◆ **ACTION ITEM**
Using the listing below, print exactly everything from the line with "ブラジル、ミナスジェライス州" down to the line with "Portrait of George", both included, and nothing more.

◆ **MATERIAL FOR THIS EXERCISE**
══════════

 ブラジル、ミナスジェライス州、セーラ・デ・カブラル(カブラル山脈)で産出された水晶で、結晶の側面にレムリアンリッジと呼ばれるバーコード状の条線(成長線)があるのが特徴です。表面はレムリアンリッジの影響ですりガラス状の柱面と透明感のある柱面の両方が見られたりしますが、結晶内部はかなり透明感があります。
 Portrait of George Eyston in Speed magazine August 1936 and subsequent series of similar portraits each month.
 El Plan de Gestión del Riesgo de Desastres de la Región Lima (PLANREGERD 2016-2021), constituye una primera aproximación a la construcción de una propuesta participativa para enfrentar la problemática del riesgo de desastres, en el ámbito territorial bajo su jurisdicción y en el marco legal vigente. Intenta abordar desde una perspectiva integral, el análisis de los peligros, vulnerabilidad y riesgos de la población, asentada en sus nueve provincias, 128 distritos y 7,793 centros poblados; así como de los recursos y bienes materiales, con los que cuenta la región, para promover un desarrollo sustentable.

══════════

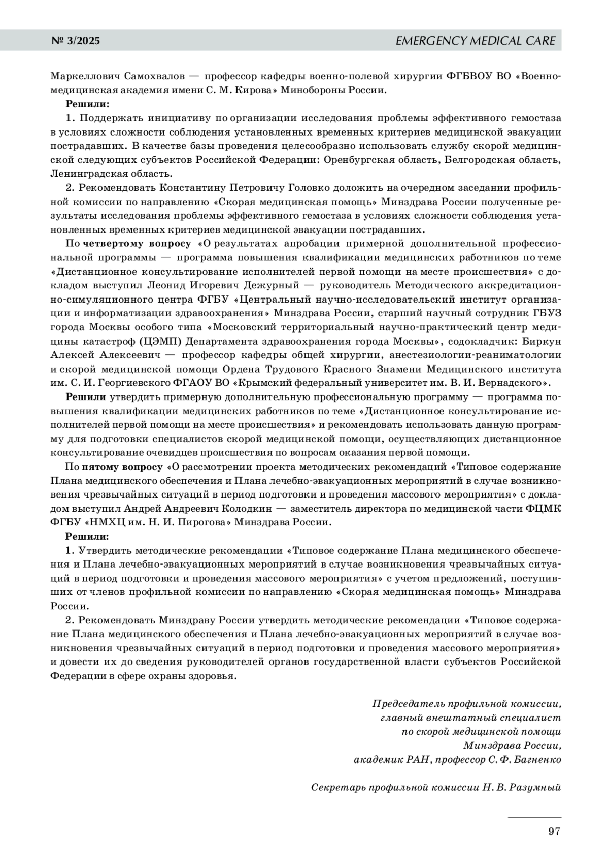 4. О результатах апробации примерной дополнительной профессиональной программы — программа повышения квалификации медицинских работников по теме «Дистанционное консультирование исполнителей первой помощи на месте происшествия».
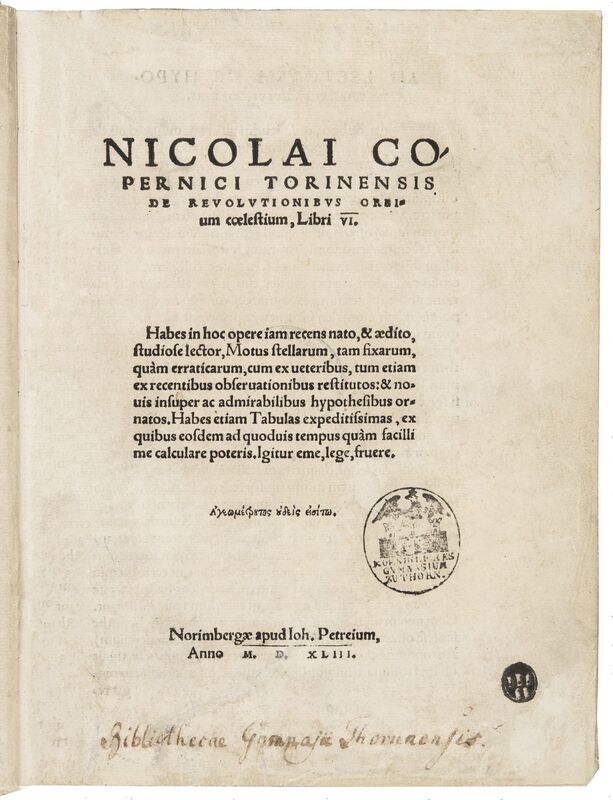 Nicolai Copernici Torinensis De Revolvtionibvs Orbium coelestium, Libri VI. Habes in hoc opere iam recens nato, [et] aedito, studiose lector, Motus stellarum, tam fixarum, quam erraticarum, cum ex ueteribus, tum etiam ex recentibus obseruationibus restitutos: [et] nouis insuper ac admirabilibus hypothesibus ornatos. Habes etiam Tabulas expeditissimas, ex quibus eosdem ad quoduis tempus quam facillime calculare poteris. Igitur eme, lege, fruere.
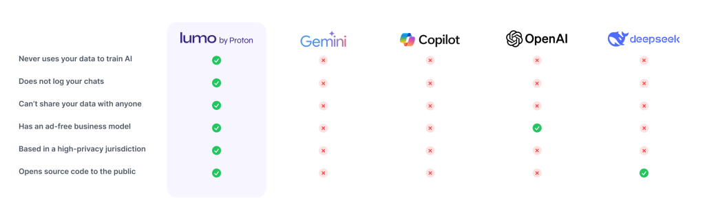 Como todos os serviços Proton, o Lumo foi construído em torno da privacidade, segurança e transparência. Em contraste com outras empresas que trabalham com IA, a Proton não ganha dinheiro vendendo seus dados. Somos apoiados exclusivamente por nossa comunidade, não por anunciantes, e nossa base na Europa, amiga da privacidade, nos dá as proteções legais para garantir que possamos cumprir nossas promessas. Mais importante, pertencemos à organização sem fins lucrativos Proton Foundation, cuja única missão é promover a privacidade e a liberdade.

══════════

◆ **RESPONSE TO THIS EXERCISE**
 ブラジル、ミナスジェライス州、セーラ・デ・カブラル(カブラル山脈)で産出された水晶で、結晶の側面にレムリアンリッジと呼ばれるバーコード状の条線(成長線)があるのが特徴です。表面はレムリアンリッジの影響ですりガラス状の柱面と透明感のある柱面の両方が見られたりしますが、結晶内部はかなり透明感があります。
 Portrait of George Eyston in Speed magazine August 1936 and subsequent series of similar portraits each month.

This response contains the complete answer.